Mélanie sans extasy : L'impératif social du bonheur
Scène

Mélanie sans extasy : L’impératif social du bonheur

Mélanie sans extasy prend l’affiche au Théâtre Prospero le 27 février prochain. Rencontre avec la comédienne diplômée du Conservatoire de Québec Édith Paquet qui signe ici son premier texte où elle aborde les angoisses d’une génération.

D’abord présenté à Théâtre tout court en 2013 et dans une version longue à Zone Homa en 2016, Mélanie sans extasy est un spectacle au long cours qui a connu dirait-on une vie d’évolution et qui a longtemps habité l’auteure dramatique.

Une auteure sensible aux enjeux de son époque, mais aussi à ceux des femmes de sa génération, car si une chose est certaine, c’est que le personnage de Mélanie trouve écho en chacune d’entre nous. «J’ai rencontré une Mélanie et j’ai été séduite, happée, étonnée par cette fille qui avait un sens du punch et de la répartie. Pour moi, elle était un personnage et dès le lendemain, je me suis mise à écrire. Cette Mélanie-là incarnait plusieurs amies. C’était moi aussi. Elle m’a permis d’entrer dans un univers et de revisiter l’âge adulte d’une femme.»

Une histoire d’errance

La pièce met en scène Mélanie, campée par Véronique Pascal, et cette recherche de soi propre à ceux qui errent dans la vie de jeune adulte. Elle est coincée dans une sorte d’entre-deux, partagée entre les désirs fulgurants et la froideur de la réalité. «Elle est à la recherche d’équilibre entre la vie rêvée et la vie possible, dit l’auteure. Ça va être une espèce d’éveil dans le sens où elle va comprendre qu’au bout du compte, sa démarche est de choisir ce qui lui arrive et non de subir.» Avec la liberté de choix vient paradoxalement l’incapacité de choisir et les peurs qui y sont associées.

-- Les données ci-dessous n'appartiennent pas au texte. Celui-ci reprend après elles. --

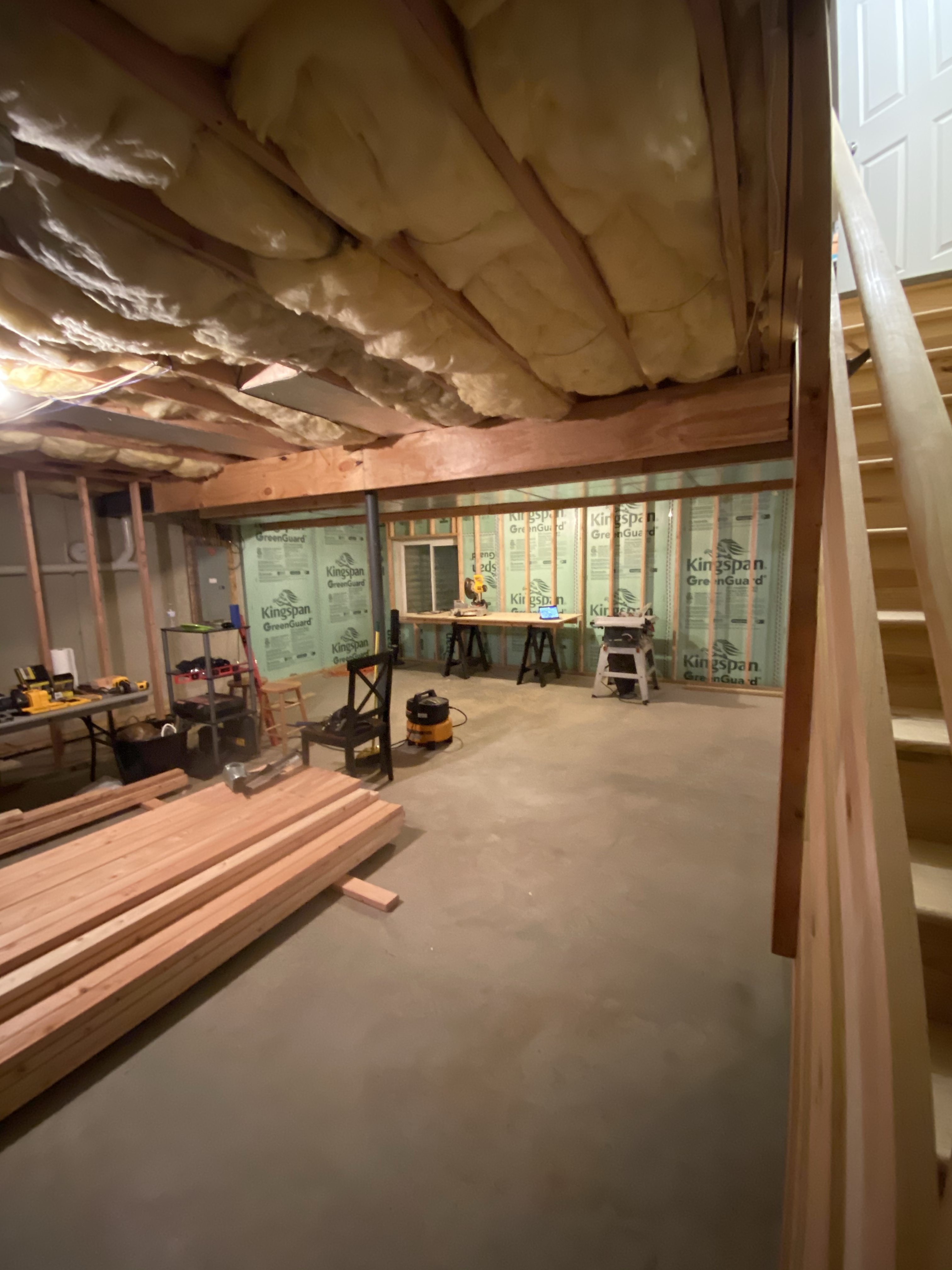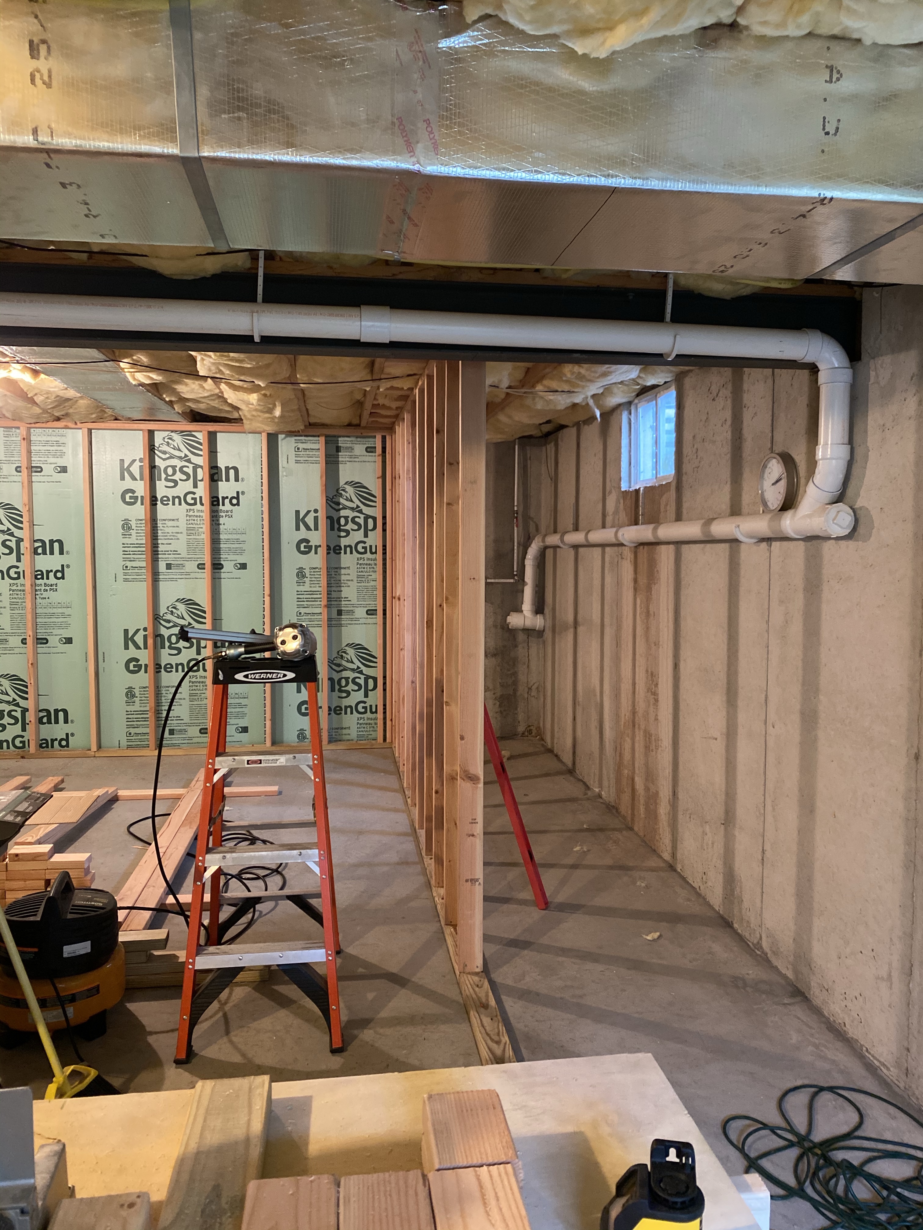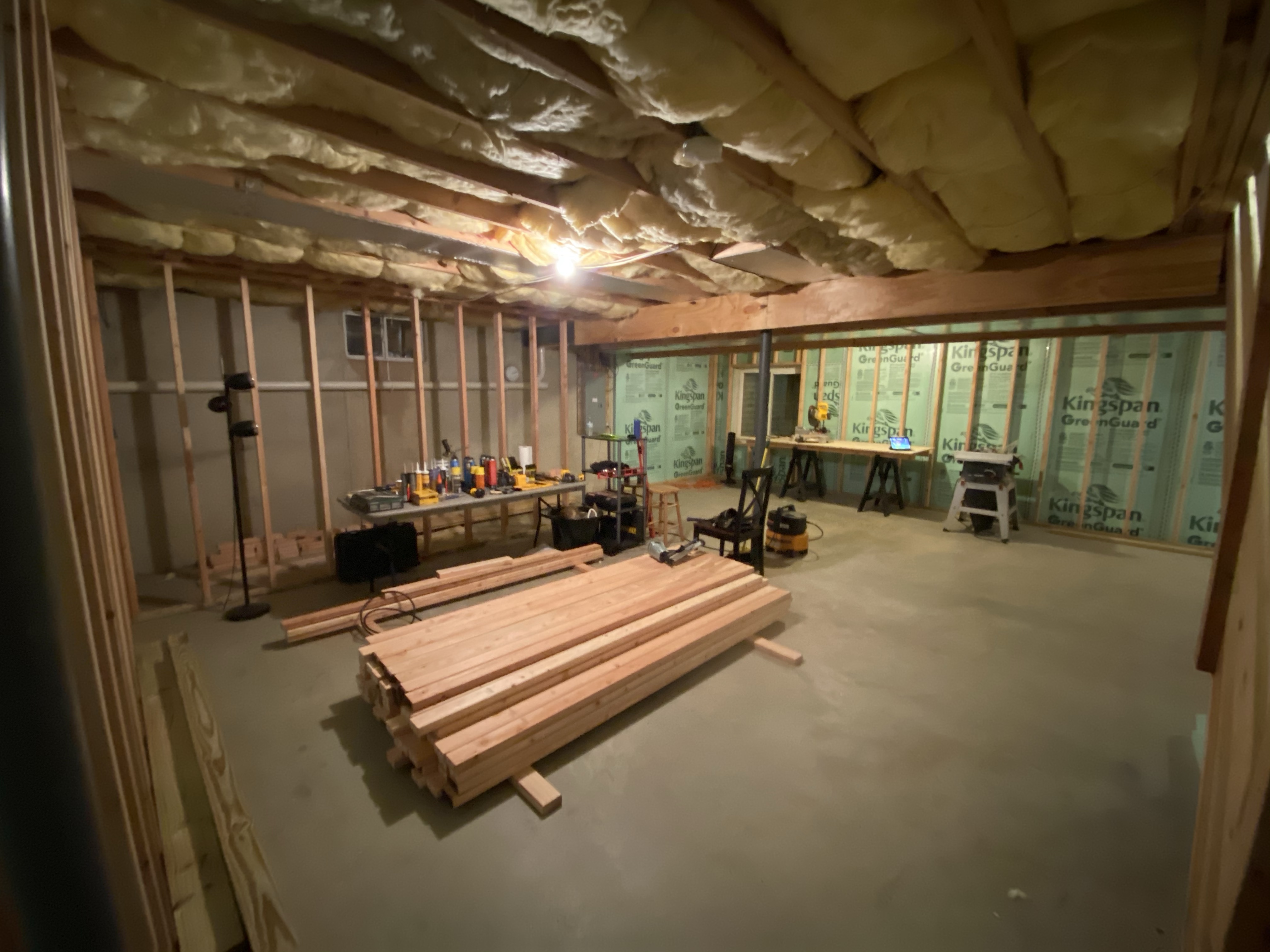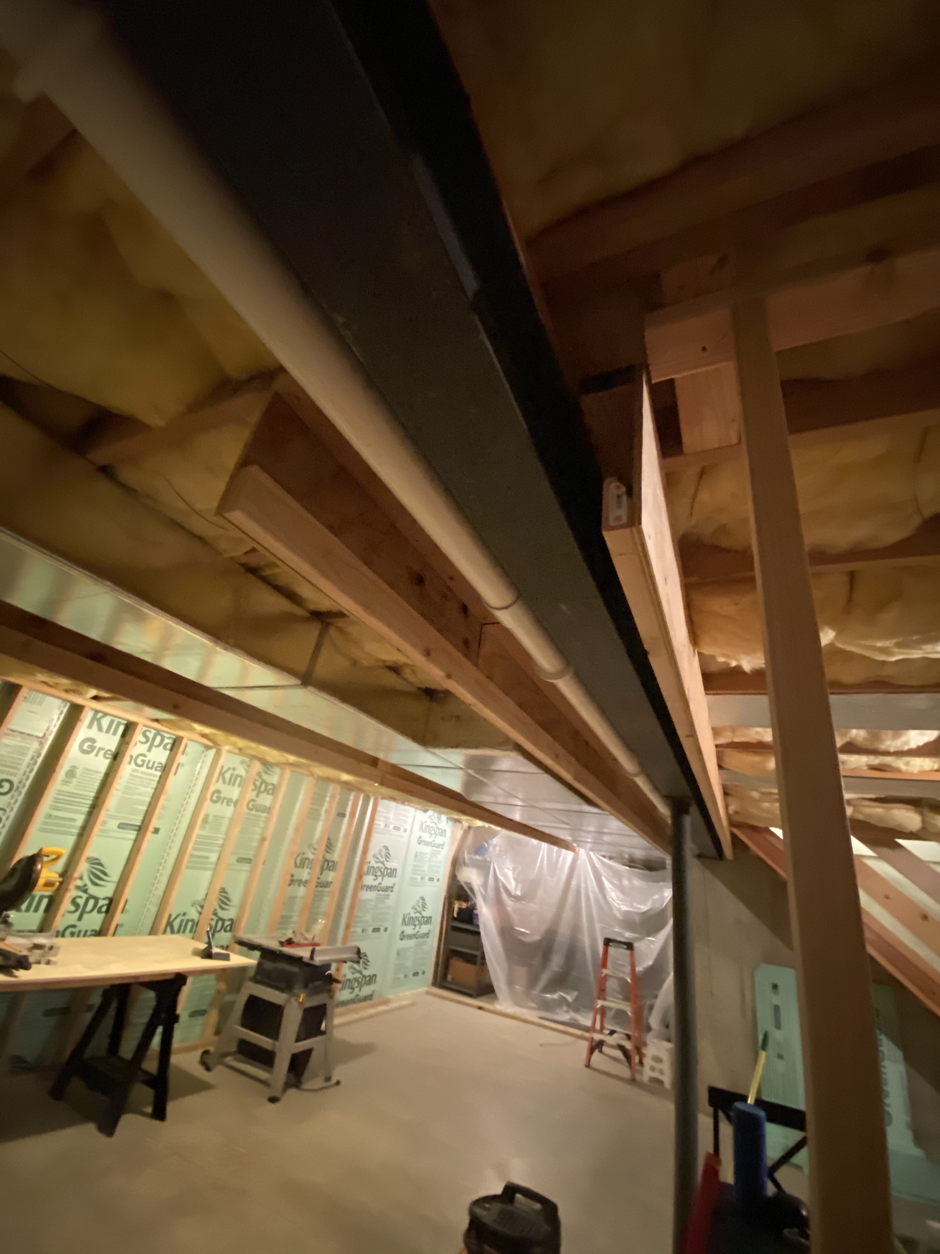 Next up, finish wall framing, then add the studs to connect the bulkhead and start planning the ceiling strapping.

À 35 ans, le personnage de Mélanie se retrouve à la croisée des chemins, selon Édith Paquet. Elle est habitée d’insatisfactions face à sa vie: une carrière mal-aimée, une vie affective chaotique, des cicatrices du passé. Sa quête débute avec le retour d’un ex-amoureux avec lequel elle goûtait aux raves et à l’extasy; rappel d’une époque où elle accédait à une fausse liberté.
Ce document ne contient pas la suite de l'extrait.